Web Devout tidings

Archive for February, 2007

Validity and well-formedness

Tuesday, February 20th, 2007

I’ve just published a new web development article called Validity and Well-Formedness, which explains the distinctions between valid and well-formed XHTML.

If the W3C HTML Validator says your XHTML page is valid, that means it’s also well-formed, right? Wrong! This article has several examples of XHTML documents which are perfectly valid but are malformed and won’t even load in an XML parser.

XHTML 1.1 Second Edition WD allows text/html… why?

Saturday, February 17th, 2007

An XHTML 1.1 Second Edition Working Draft has just been published in attempt to correct some problems with the previous Recommended specification. However, in the Strictly Conforming Documents section, I feel that they have introduced a brand new problem.

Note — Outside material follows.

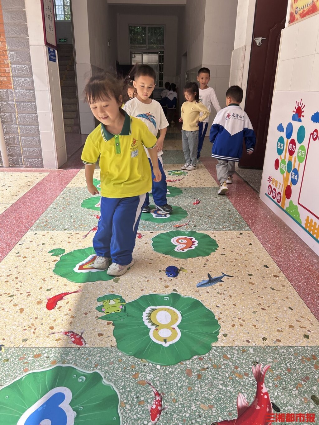 “千树万树梨花开”“百花齐放满春园”……在长沙县龙塘小学的走廊上,经常能看到五六名学生站成一队,饶有兴致玩起了“古诗词飞花令”。此外,成语接龙、数学思维游戏让孩子们沉浸在学习之余的快乐里。该校德育主任李薛健介绍,学校创设了开放、绿色、智慧的游戏空间,设置了符合儿童天性的课间游戏体系,拥有大面积的运动场。“希望孩子在增强体能的同时,也能保证下一个40分钟注意力的集中。”

The concerned paragraph is:

XHTML 1.1 documents SHOULD be labeled with the Internet Media Type text/html as defined in [RFC2854] or application/xhtml+xml as defined in [RFC3236]. For further information on using media types with XHTML, see the informative note [XHTMLMIME].

text/html is now included with application/xhtml+xml as one of the content types XHTML 1.1 “should” be sent as. I see this as a big mistake that should be fixed before the specification advances further. In theory and in practice, the content type header instructs the user agent on what kind of file it is dealing with. Every major web browser parses text/html documents as HTML, not XML / XHTML. The fact that XHTML 1.0 allowed this has lead to a huge overall misunderstanding in what XHTML is and how user agents handle it, which in turn has resulted in the vast majority of so-called “XHTML” documents being in such a state that, if properly handled as XHTML was meant to be handled, they would fall apart. Even supposed web standards experts fall victim to this misunderstanding all the time, as is evident in this list of standards-related sites that break as XHTML.

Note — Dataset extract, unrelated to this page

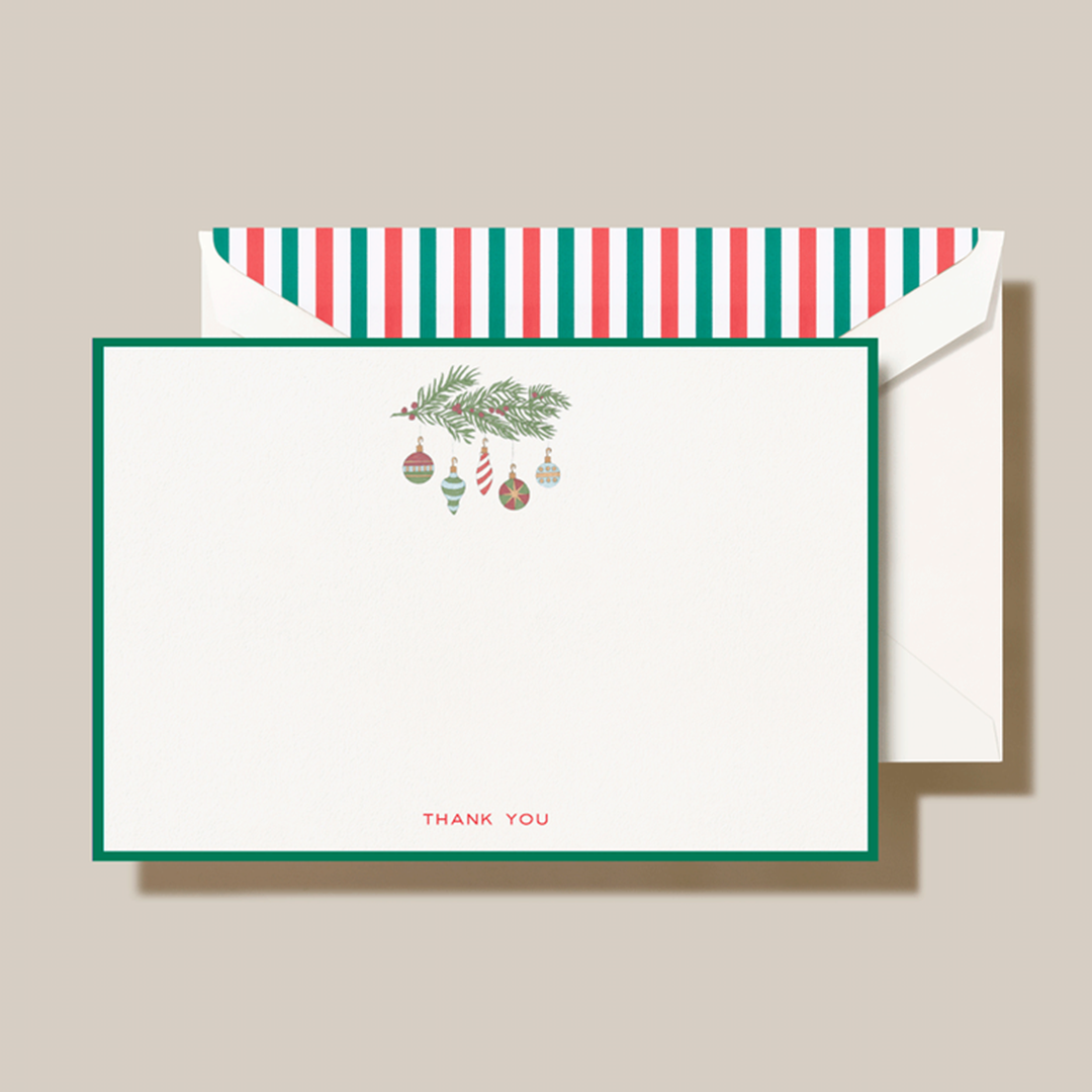 Celebrate the holiday season with our Bordered Ornaments Thank You Card, where vibrant, colorful ornaments dangle playfully from a spruce branch, creating a festive backdrop for your heartfelt message of gratitude. The cheerful red "thank you" at the bottom is nestled within a crisp green frame, perfectly matched by the lively green and red striped envelope lining for a coordinated and joyful presentation. This card turns a simple note of thanks into a memorable keepsake, ensuring your appreciation shines brightly and leaves a lasting impression well beyond the holiday season. Spread warmth, cheer, and gratitude with every word you share!

XHTML was designed in part to progress from the old state of the Web that tolerated invalid markup and sloppy legacy behaviors in CSS and elsewhere. However, because XHTML was allowed to be sent as text/html, people are in essence writing XHTML just like they wrote HTML before, or even worse. The document looks like XHTML but they depend on browsers treating it as HTML. Most so-called XHTML pages on the Web today aren’t well-formed, which XML and XHTML were designed to forcefully not tolerate. XHTML on the Web has been the same disaster HTML was, except the situation is even more complicated than before. XHTML 1.0 has failed.

Now, XHTML 1.1 is about to do the same thing. By allowing the use of an incorrect content type that instructs browsers to use incorrect behavior, the specification authors are promoting the incorrect use of XHTML.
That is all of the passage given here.